*Exercise objective*
After removing every image, reproduce the data exactly as it appears.

*Information shown*
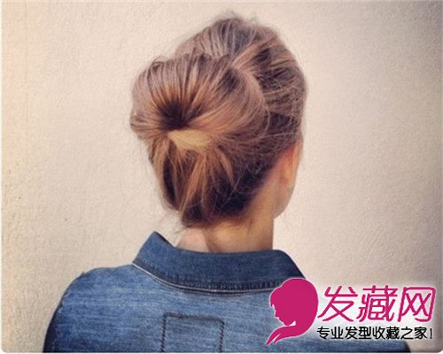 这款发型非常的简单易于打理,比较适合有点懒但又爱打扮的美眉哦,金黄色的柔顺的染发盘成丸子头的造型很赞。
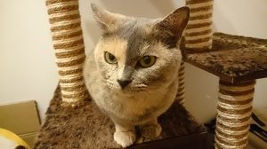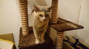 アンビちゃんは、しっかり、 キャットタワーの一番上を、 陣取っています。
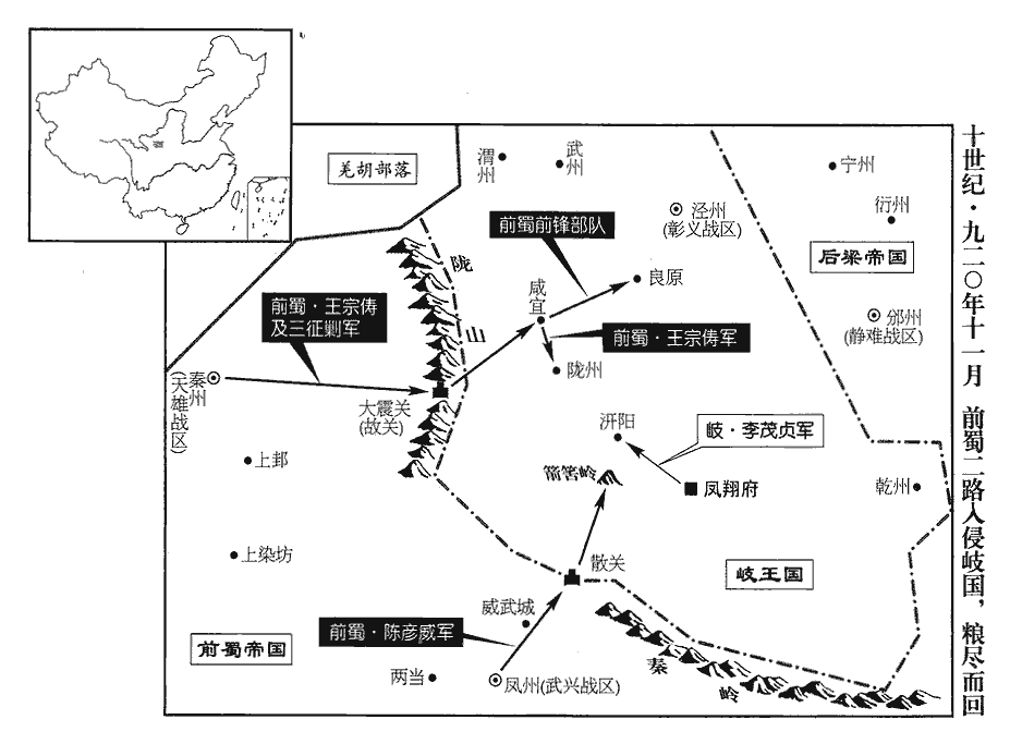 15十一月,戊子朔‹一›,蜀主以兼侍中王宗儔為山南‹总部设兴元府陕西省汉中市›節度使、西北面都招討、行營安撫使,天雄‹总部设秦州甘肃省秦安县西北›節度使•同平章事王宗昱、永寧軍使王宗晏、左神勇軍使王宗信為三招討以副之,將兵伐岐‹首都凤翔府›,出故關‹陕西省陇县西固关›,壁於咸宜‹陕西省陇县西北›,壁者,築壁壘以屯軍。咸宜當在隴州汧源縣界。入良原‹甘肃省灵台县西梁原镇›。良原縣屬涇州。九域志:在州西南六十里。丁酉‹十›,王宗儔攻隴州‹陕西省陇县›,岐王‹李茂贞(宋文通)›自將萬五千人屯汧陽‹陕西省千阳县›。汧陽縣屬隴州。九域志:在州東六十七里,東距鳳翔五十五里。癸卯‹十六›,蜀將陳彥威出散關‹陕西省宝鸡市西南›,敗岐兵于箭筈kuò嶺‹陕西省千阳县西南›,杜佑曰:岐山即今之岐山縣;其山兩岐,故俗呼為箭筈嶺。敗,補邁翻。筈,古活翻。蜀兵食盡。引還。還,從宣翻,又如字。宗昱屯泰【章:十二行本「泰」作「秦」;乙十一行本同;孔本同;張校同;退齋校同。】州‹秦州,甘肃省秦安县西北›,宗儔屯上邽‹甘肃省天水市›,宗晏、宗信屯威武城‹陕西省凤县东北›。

*Response area*
 这款发型非常的简单易于打理,比较适合有点懒但又爱打扮的美眉哦,金黄色的柔顺的染发盘成丸子头的造型很赞。
 アンビちゃんは、しっかり、 キャットタワーの一番上を、 陣取っています。
 15十一月,戊子朔‹一›,蜀主以兼侍中王宗儔為山南‹总部设兴元府陕西省汉中市›節度使、西北面都招討、行營安撫使,天雄‹总部设秦州甘肃省秦安县西北›節度使•同平章事王宗昱、永寧軍使王宗晏、左神勇軍使王宗信為三招討以副之,將兵伐岐‹首都凤翔府›,出故關‹陕西省陇县西固关›,壁於咸宜‹陕西省陇县西北›,壁者,築壁壘以屯軍。咸宜當在隴州汧源縣界。入良原‹甘肃省灵台县西梁原镇›。良原縣屬涇州。九域志:在州西南六十里。丁酉‹十›,王宗儔攻隴州‹陕西省陇县›,岐王‹李茂贞(宋文通)›自將萬五千人屯汧陽‹陕西省千阳县›。汧陽縣屬隴州。九域志:在州東六十七里,東距鳳翔五十五里。癸卯‹十六›,蜀將陳彥威出散關‹陕西省宝鸡市西南›,敗岐兵于箭筈kuò嶺‹陕西省千阳县西南›,杜佑曰:岐山即今之岐山縣;其山兩岐,故俗呼為箭筈嶺。敗,補邁翻。筈,古活翻。蜀兵食盡。引還。還,從宣翻,又如字。宗昱屯泰【章:十二行本「泰」作「秦」;乙十一行本同;孔本同;張校同;退齋校同。】州‹秦州,甘肃省秦安县西北›,宗儔屯上邽‹甘肃省天水市›,宗晏、宗信屯威武城‹陕西省凤县东北›。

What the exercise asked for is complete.